West Bros. v. Illinois Cent. RR Co.

75 So. 2d 723, 222 Miss. 335, 1954 Miss. LEXIS 650
CourtMississippi Supreme Court
DecidedNovember 22, 1954
Docket39343
StatusPublished
Cited by7 cases

This text of 75 So. 2d 723 (West Bros. v. Illinois Cent. RR Co.) is published on Counsel Stack Legal Research, covering Mississippi Supreme Court primary law. Counsel Stack provides free access to over 12 million legal documents including statutes, case law, regulations, and constitutions.

Bluebook
West Bros. v. Illinois Cent. RR Co., 75 So. 2d 723, 222 Miss. 335, 1954 Miss. LEXIS 650 (Mich. 1954).

Opinion

*340 McGehee, C. J.

This is an appeal from a judgment of the Circuit Court of Hinds County which affirmed an order of the Mississippi Public Service Commission granting to the appellee, Illinois Central Railroad Company, a certificate of public convenience and necessity to operate two over-the-road trucks between Jackson, Mississippi, and Gulfport, Mississippi, via U. S. Highway No. 49, one each way per day.

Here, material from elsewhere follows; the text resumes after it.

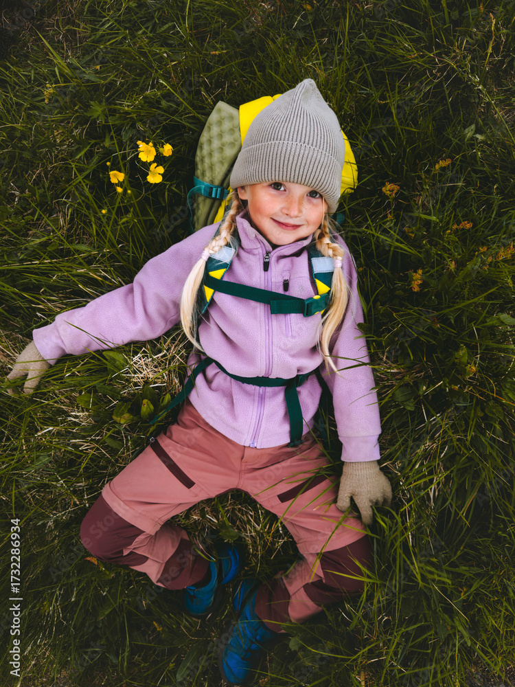 Child girl lying on grass happy smiling 5 years old kid hiking with backpack outdoor looking at camera family travel vacations candid emotions

The appellee applied for authority to operate over said highway as a common carrier of property by motor vehicle to and from the same towns now served by its freight trains, handling general commodities, but spe *341 cifically including commodities generally moving in express service, and not now being handled at all, and such mail and parcel post as may be tendered to it by the United States Post Office Department, excepting dangerous explosives, commodities in bulk and commodities requiring special equipment, when moving in railroad LCL (less than carload) service, between the points mentioned, and to serve all points and places intermediate those two cities, along the said highway, as well as certain off-route (off the highway but on the railroad) points, and which intermediate stations are Florence, Star, Braxton, D’Lo, Mendenhall, Weathersby, Sanatorium, Magee, Saratoga, Mt. Olive, Collins, Seminary, Sanford, Lux, Hattiesburg, Camp Shelby, Brooklyn, Maxie, Wiggins, Perkinston, McHenry, Saucier and Lyman, and which railroad stations the appellee seeks to serve from depot to depot and from depot to pagoda by operating a daily service each way between Jackson and Gulfport, except Saturdays, Sundays and holidays, operating two trucks, one to leave Jackson at 6 o’clock A. M. and to serve the points set out above and to arrive at Gulfport the same day at 5 o’clock P. M., and another leaving Gulfport at 6 o’clock A. M., serving the same points and arriving at Jackson at 5 o’clock P. M., the same day, or such other schedules as may be adopted by the appellee and as will best meet the public needs.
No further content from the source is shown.